BMEWS was the response to the threat of ICBMs coming over the Pole.
But, in some ways, we were still further along than the Soviets wer in
building and deploying useful ICBMs and SLBMs. Kruschev was great at
showing off spactacular feats of missilery, and veiled, and not so
veiled threats to use his missiles, but that wasn't backed up by what
was in the field. Consider, if you will, that if the Soviets had had
a viable ICBM or SLBM force in 1962, they wouldn't have tried putting
the short-range missiles in Cuba. That whole business grew out of the
Soviet's knowledge that they couldn't effectively strike. (Either First
Strike or Second Strike)


That was all very interesting, and certainly did much to refresh flagging
memories. However, it still didn't resolve the starting date for
MAD, because
it ignored the ongoing SAC airborne alerts and the nuclear armed subs roaming
the oceans. I personally have the feeling that the MAD doctrine evolved from
recognition of those SAC policies by the Soviets, which would place
the date at
or before construction of the DEW line.
All guesswork on my part. What do you think?

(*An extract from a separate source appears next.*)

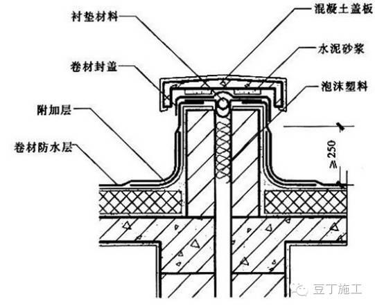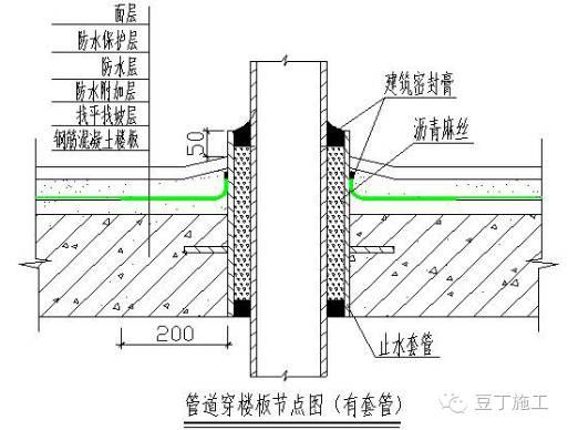 工艺流程:基层清理管周附加防水层屋面防水层保温层和刚性保护层沥青麻丝塞缝抹灰保护层打密封油膏。

Well, just my opinion, of course, but I think that the MAD thinking
didn't occur until the mid '60s. It really didn't get set in stone
until it was decided to limit the deployment of the Spartan/Safeguard
ABM system, which occurred before the negotiation of the ABM Treaty
which occurred in 1972. The Soviets, of course, had been trying with
all possible strength to get systems in place to deliver their nukes
all through the 1950s. As I pointed out before, air-breathers -
Bombers and Cruise Missiles, weren't going to cut it, at least in our
mutual perceptions. (Since it never got tried for real) The Soviets
put more efforts into their ICBM projects than we did, but their
progress wasn't as fast as they wished, so they propagandized the hell
out of it, making themselves look much more powerful than they were,
and hoped that we either wouldn't find out, or wouldn't call the
bluff. (All that Missile Gap stuff in the 1960 election, for
example.)
So the Soviets had been trying to present a credible force for quite a
while, but weren't really there.

All through the 1950s, the Soviets didn't have any confidence in their
ability to put bombs on target, The idea of MAD, which is more a
Western conceit, rather than a bilateral policy, didn't come about
until the Soviets had a significant and reliable ICBM force. This
didn't happen until the mid '60s, at best, with their development of
storable-fuel ICBMs, and the Yankee Class Ballistic Missile Subs.
That feeling of inferiority, after all, was what drove Kruschev to try
to put the short and medium range missiles in Cuba in 1962. They knew
that they were going to come off second best against what we had, and
counted on holding the initialtive and being agressive to make the
differnece. It didn't work that way, and that's the main reason why
Khruschev was chucked out - he scared the Supreme Soviet more than he
scared us. (And mind you, he was plenty scarey)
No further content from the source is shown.